═══ Records to process

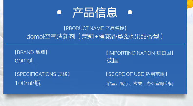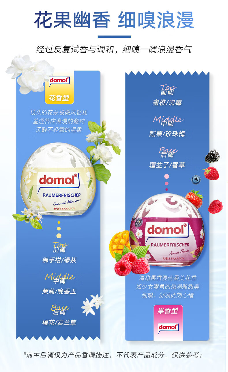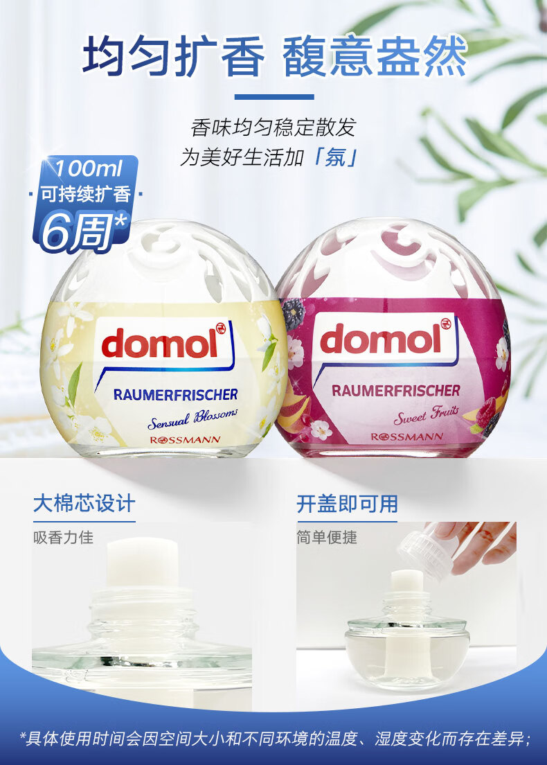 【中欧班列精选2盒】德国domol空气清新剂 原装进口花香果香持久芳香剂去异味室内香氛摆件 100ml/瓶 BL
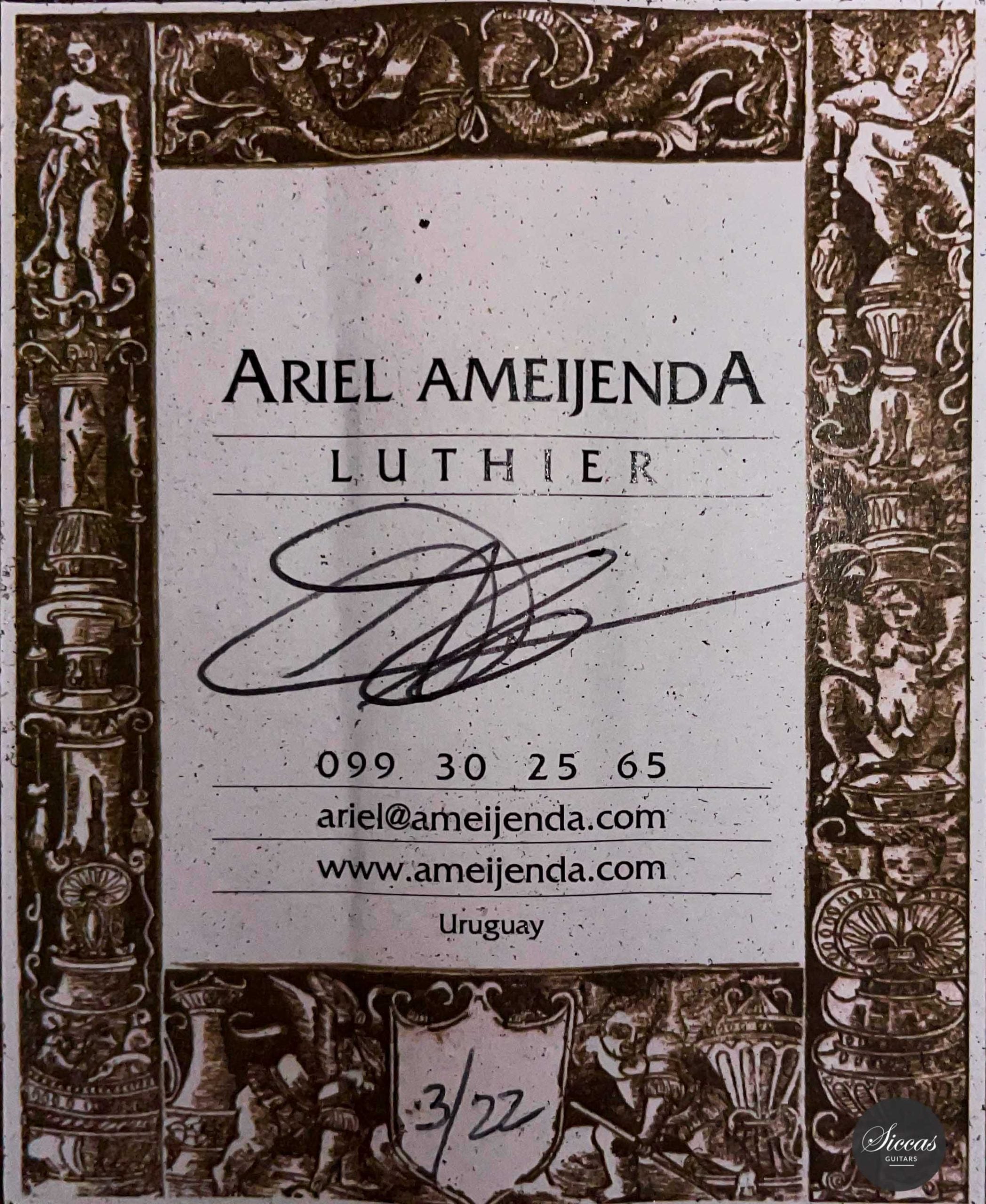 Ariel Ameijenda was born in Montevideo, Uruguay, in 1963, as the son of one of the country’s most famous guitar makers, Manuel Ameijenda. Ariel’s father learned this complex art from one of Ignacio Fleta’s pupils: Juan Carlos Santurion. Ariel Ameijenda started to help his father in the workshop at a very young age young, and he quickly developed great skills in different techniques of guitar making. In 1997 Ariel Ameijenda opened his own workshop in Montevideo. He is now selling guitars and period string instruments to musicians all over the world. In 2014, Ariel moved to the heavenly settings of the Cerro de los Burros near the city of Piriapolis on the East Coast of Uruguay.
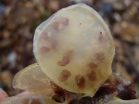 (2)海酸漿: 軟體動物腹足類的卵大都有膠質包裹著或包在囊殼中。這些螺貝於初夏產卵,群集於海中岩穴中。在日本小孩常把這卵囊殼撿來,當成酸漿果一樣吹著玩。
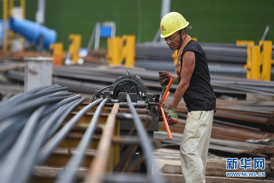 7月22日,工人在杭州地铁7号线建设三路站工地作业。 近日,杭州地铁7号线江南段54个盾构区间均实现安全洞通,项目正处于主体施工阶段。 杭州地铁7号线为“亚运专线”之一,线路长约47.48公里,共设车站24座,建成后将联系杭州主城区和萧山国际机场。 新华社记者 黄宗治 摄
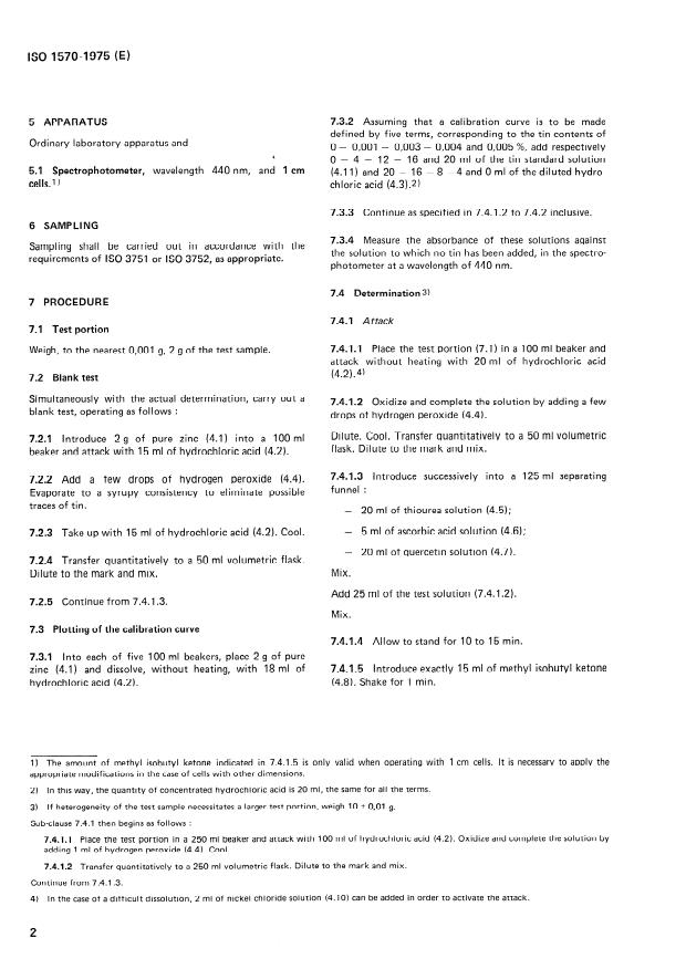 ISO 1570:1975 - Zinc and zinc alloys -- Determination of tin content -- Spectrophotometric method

══════

Give back exactly the lines running from the one that contains "新华社记者 黄宗治 摄" to the end of the records, including both of those lines and excluding every picture.

◆ **Answer space**
 7月22日,工人在杭州地铁7号线建设三路站工地作业。 近日,杭州地铁7号线江南段54个盾构区间均实现安全洞通,项目正处于主体施工阶段。 杭州地铁7号线为“亚运专线”之一,线路长约47.48公里,共设车站24座,建成后将联系杭州主城区和萧山国际机场。 新华社记者 黄宗治 摄
 ISO 1570:1975 - Zinc and zinc alloys -- Determination of tin content -- Spectrophotometric method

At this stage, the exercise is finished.